May 4, 2010

Two Ogunquit chefs are Northeast's best

After six tries, Clark Frasier and Mark Gaier of Arrows Restaurant win a Beard award.

By Dennis Hoey dhoey@pressherald.com
Staff Writer

Two more award-winning chefs have brought national attention to Maine's culinary industry.

click image to enlarge

Mark Gaier, left, and Clark Frasier

Courtesy photo

Clark Frasier and Mark Gaier, chef/owners of Arrows Restaurant in Ogunquit, were named Best Chefs in the Northeast on Monday night by the James Beard Foundation.

Frasier and Gaier had been nominated for the award six times before Monday's ceremony in New York City. The James Beard Awards, the most prestigious in the restaurant industry, are often compared to the Academy Awards.

"We are on top of the world," Frasier said in a telephone interview from the awards ceremony Monday night. "After seven years, it is more than sweet."

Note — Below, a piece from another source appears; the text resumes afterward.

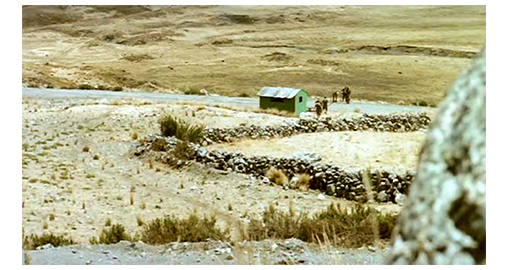 恐らく別の日、村で新築する家の土台部分の工事の指揮を 村長であるパチョの父が取っている。四角い家の土台の中で、足で泥をこねているパチョと、もう一人には、「ちゃんと混ぜろ。ちゃんとやるんだ」と声をかける。丸い石を泥で隙間を詰めて積み、その上に、泥で作った日干しレンガの第1層を並べている男には、「そこ下がってるぞ。ちゃんと平らにせんか」と注意。因みに、このようなアンデス山地の家は

Frasier and Gaier are best known for Arrows, the restaurant they run in an 18th-century post-and-beam farmhouse. They also own MC Perkins Cove in Ogunquit and Summer Winter, a restaurant at the Marriott Hotel in Burlington, Mass.

Winning the award this year was gratifying because two of the chefs they have mentored attended the ceremony. Frasier said it's important for them to be able to take younger chefs under their wing.

Frasier, 49, said he started out in the restaurant business 35 years ago as a dishwasher. Gaier, 53, was 17 when he got into the business.

They have been working in Maine for 23 years.

While the James Beard Foundation recognition will likely attract new diners to his restaurants, Frasier said he is also happy because the award once again shines the national spotlight on Maine restaurants.

Last year, Rob Evans, chef and owner of Hugo's restaurant in Portland's Old Port, was named Best Chef in the Northeast. Sam Hayward, the chef at Portland's Fore Street, won the same award in 2004.

"For years, people from out of state would say to us, 'So, you own a restaurant in Maine. What do you sell: fried clams?' " Frasier said. "Maine restaurants are very dynamic, and people are beginning to discover that."

Arrows gets more than 90 percent of its produce from a garden that Frasier and Gaier started in 1990.

They are considered pioneers in the farm-to-table movement.

"We were doing this stuff before anyone coined the phrase farm-to-table," he said.

Frasier said he and Gaier planned to spend Monday night partying in New York City.

They were invited to a post-awards-ceremony party at Eleven Madison Park, the restaurant of their fellow chef and friend Daniel Humm, who won the Best Chef award for New York City.

"I don't think we are going to get a lot of sleep tonight," Frasier said.